Nigeria’s Fuel Scarcity Problem

The worsening fuel scarcity has led to ‘panic buying’ as people scramble to get as much fuel as possible. As such people have been spotted in various petrol stations in different areas with 25-litre kegs. Some of the places where unreasonably long queues of cars with either sleeping or missing occupants have been observed in Lagos include Timac Petrol Station, Maryland, Ardov PLC (AP), Vitality Oil and Gas and MRS, Ikeja.

As people panic buy, certain petrol stations in the state have been forced to close temporarily because they have no supply, while those with suppliers are reportedly hoarding fuel and hiking the prices regardless of what the Nigerian National Petroleum Company (NNPC) had earlier established. Some petrol stations have been reported to let their number of sales run uncontrolled despite long queues. This has effectively resulted in the unnecessary extortion of customers based on whether they are making purchases in kegs or cars.

Earlier, the scarcity followed a move by petrol marketers in an attempt to disrupt the loading of petroleum products at private depots in Lagos and other parts of the country. Their motive for this action is to raise a protest against a new payment method. As explained by the Ore Depot, the new payment arrangement provided major marketers and very few independent marketers with huge funds with the opportunity to pay for 200 trucks and load them while those who had paid for one or two trucks would be in a queue for many months unattended to.

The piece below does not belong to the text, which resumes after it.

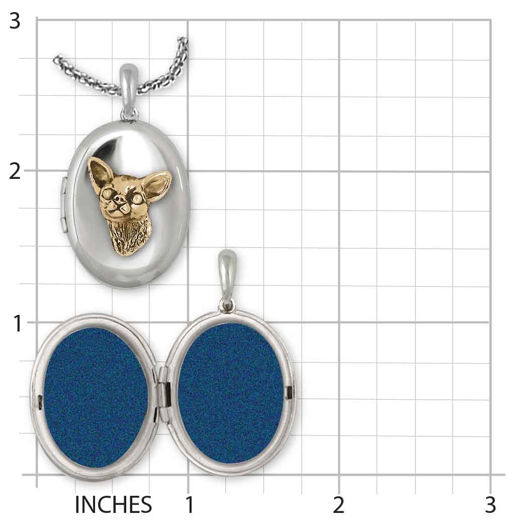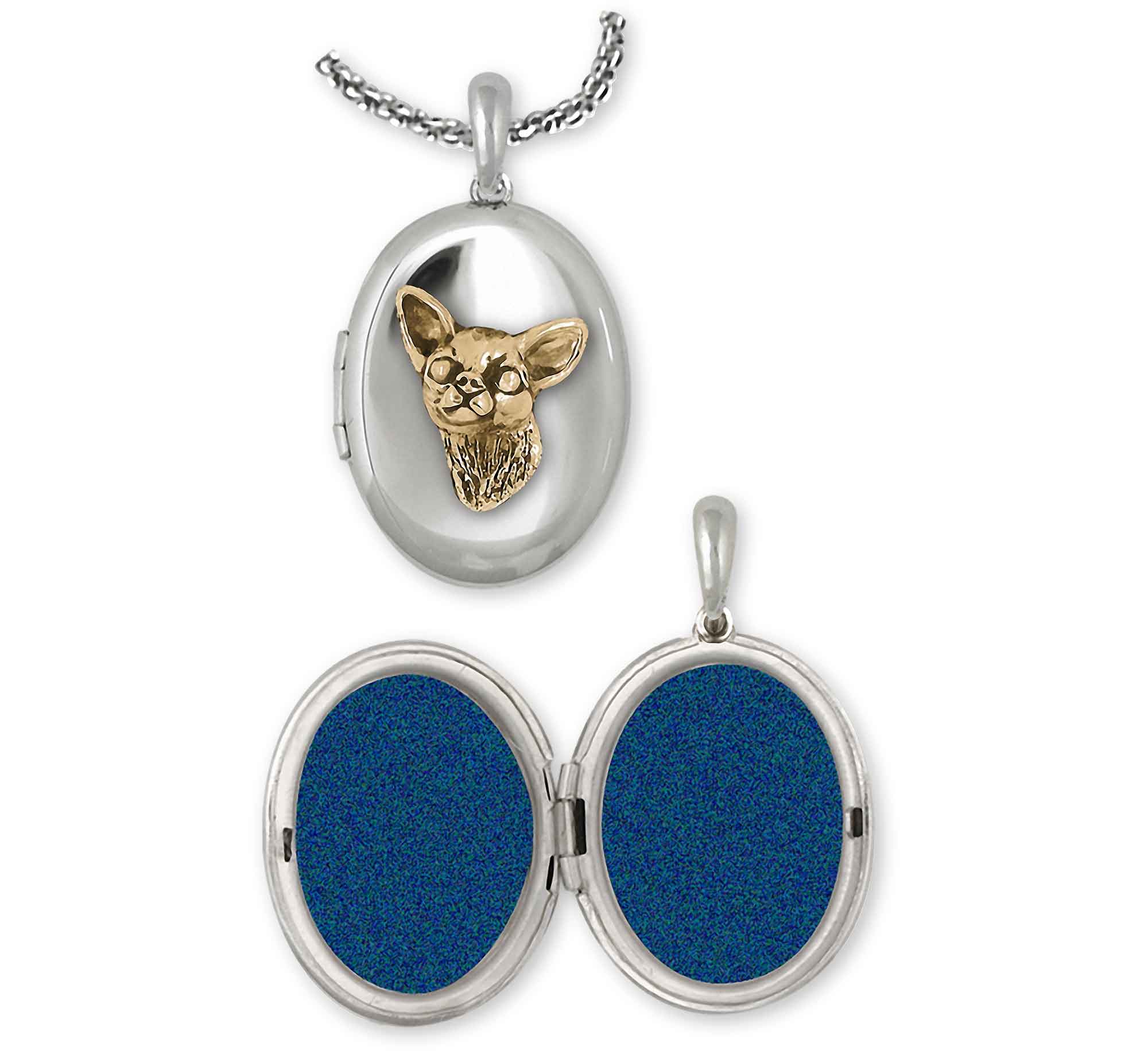 Our handmade Chihuahua Photo Locket is shipped with a quality sterling silver chain. Our Chihuahua Photo Locket is a high quality locket that will hold 2 of your favorite photographs. Optional personalized engraving is also available on the back of our Chihuahua Photo Locket for a special personal touch. We also offer our exclusive photo service... you email us 2 photos for the photo locket and we will retouch them and perfectly size them to fit your photo locket. We will also trim the photos and insert them into your locket before shipping to you, Please contact us for prices. This Chihuahua Photo Locket is Silver And 14K Gold The Chihuahua is Silver And 14K Gold.

That aside, oil marketers attributed the scarcity to what seemed like the possibility of an increase in the ex-depot price of petrol by the government. This quickly became a source of concern for many petrol marketers despite the government’s assurance that there would not be an increase in the ex-depot price, pegged at N153 as of last November. Findings from certain sources have shown that marketers were buying petrol at high prices from depots, making selling to citizens at the government’s approved prices next to impossible. Some others have even been completely unable to get petroleum products in major depots around Lagos state.

The NNPC, in recent years, has been the sole importer of petrol into Nigeria. The firm generally sells to depot owners who in turn sell to retail outlets, from whom Nigerians make purchases at fuel stations. The NNPC has stated time and again that it is not responsible for the hike of the ex-depot price of petrol, and further investigations continue to point at depot owners for the price hike and hoarding in anticipation of an increase in price amidst the oil price rally.

NARTO (Nigerian Association of Road Transport Owners) strike threats

Following the ongoing fuel shortage, Nigeria may be plunged into another round of terrifying fuel scarcity if the Nigerian Association of Road Transport Owners (NARTO) makes good on its statement of withdrawing haulage service. This threat relys on if the Federal Government fails to address the uncomfortable rising cost of operation that its members are facing urgently.

Yusuf Lawal Othman, the association’s National President, has revealed that his members now find it difficult to remain afloat because of the high freight rate, which is regulated and paid in arrears. He also emphasized that members would be advised to ground their haulage tankers if nothing was done to address the matter. “Our people have parked their trucks and more people are going to park theirs,” he stated. The union had earlier decried the delay in the payment of about N45 billion bridging cost for diesel, demanding an increase in the transportation allowance factored into the pump price of petrol, but the continuation of subsidy payment on petrol meant that the freight cost would remain.

The NARTO has made their intentions which hint at a possible strike known, it is left for the government to take action.

When Will The Scarcity End?

Speaking with the News Agency of Nigeria (NAN), a marketer said:

“As we speak, the Nigerian National Petroleum Company Ltd is working to ensure that this disruption to the supply chain is addressed as soon as possible. However, there is the challenge of logistics and how to compensate those who were supplied with the adulterated products. The NNPC is working with marketers on this and once the depots are restocked, tankers will start loading and supply will improve across the country.”